*** Data provided ***

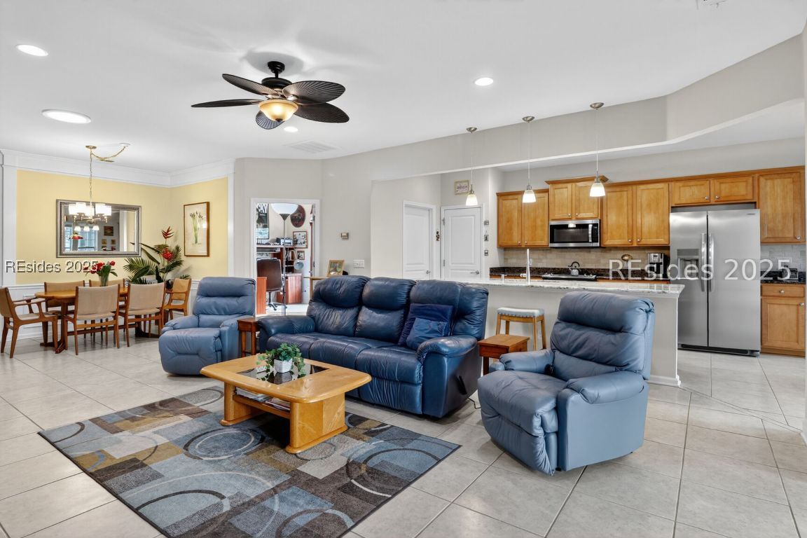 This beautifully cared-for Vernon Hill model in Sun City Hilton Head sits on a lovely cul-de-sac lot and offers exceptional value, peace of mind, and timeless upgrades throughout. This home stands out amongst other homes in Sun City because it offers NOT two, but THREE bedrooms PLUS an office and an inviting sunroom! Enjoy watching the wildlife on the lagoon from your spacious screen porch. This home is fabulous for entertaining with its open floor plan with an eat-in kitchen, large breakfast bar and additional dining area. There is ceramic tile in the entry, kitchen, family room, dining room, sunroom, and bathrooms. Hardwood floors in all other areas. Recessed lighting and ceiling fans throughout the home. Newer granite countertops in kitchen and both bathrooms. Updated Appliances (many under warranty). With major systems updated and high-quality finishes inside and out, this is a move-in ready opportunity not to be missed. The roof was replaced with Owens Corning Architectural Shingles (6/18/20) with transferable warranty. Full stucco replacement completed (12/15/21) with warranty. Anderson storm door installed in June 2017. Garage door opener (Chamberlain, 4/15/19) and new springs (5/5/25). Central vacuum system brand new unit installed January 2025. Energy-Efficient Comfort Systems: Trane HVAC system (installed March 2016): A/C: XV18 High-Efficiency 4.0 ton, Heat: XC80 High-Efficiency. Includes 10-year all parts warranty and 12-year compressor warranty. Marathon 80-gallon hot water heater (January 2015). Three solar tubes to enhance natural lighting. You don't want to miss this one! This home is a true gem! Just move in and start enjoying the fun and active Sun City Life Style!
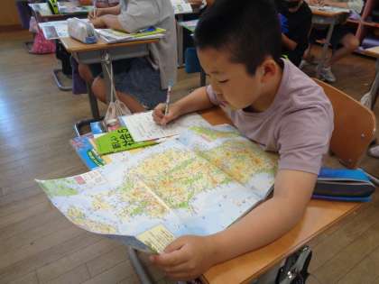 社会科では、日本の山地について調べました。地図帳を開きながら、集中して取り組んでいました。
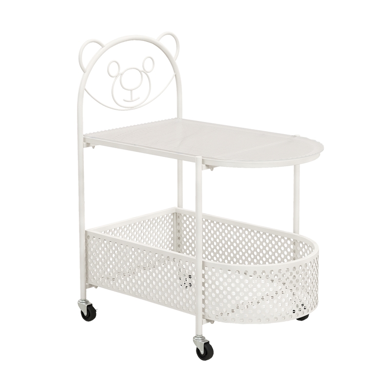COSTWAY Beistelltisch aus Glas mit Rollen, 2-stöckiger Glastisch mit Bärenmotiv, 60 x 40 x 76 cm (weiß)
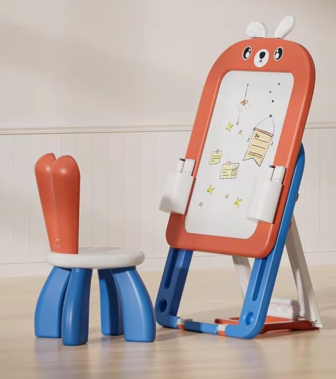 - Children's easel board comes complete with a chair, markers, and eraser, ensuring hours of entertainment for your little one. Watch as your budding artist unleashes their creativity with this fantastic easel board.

*** End of Data provided ***

What is required. Print all of the data exactly, and do not carry over any pictures.

Worked solution.
 This beautifully cared-for Vernon Hill model in Sun City Hilton Head sits on a lovely cul-de-sac lot and offers exceptional value, peace of mind, and timeless upgrades throughout. This home stands out amongst other homes in Sun City because it offers NOT two, but THREE bedrooms PLUS an office and an inviting sunroom! Enjoy watching the wildlife on the lagoon from your spacious screen porch. This home is fabulous for entertaining with its open floor plan with an eat-in kitchen, large breakfast bar and additional dining area. There is ceramic tile in the entry, kitchen, family room, dining room, sunroom, and bathrooms. Hardwood floors in all other areas. Recessed lighting and ceiling fans throughout the home. Newer granite countertops in kitchen and both bathrooms. Updated Appliances (many under warranty). With major systems updated and high-quality finishes inside and out, this is a move-in ready opportunity not to be missed. The roof was replaced with Owens Corning Architectural Shingles (6/18/20) with transferable warranty. Full stucco replacement completed (12/15/21) with warranty. Anderson storm door installed in June 2017. Garage door opener (Chamberlain, 4/15/19) and new springs (5/5/25). Central vacuum system brand new unit installed January 2025. Energy-Efficient Comfort Systems: Trane HVAC system (installed March 2016): A/C: XV18 High-Efficiency 4.0 ton, Heat: XC80 High-Efficiency. Includes 10-year all parts warranty and 12-year compressor warranty. Marathon 80-gallon hot water heater (January 2015). Three solar tubes to enhance natural lighting. You don't want to miss this one! This home is a true gem! Just move in and start enjoying the fun and active Sun City Life Style!
 社会科では、日本の山地について調べました。地図帳を開きながら、集中して取り組んでいました。
COSTWAY Beistelltisch aus Glas mit Rollen, 2-stöckiger Glastisch mit Bärenmotiv, 60 x 40 x 76 cm (weiß)
 - Children's easel board comes complete with a chair, markers, and eraser, ensuring hours of entertainment for your little one. Watch as your budding artist unleashes their creativity with this fantastic easel board.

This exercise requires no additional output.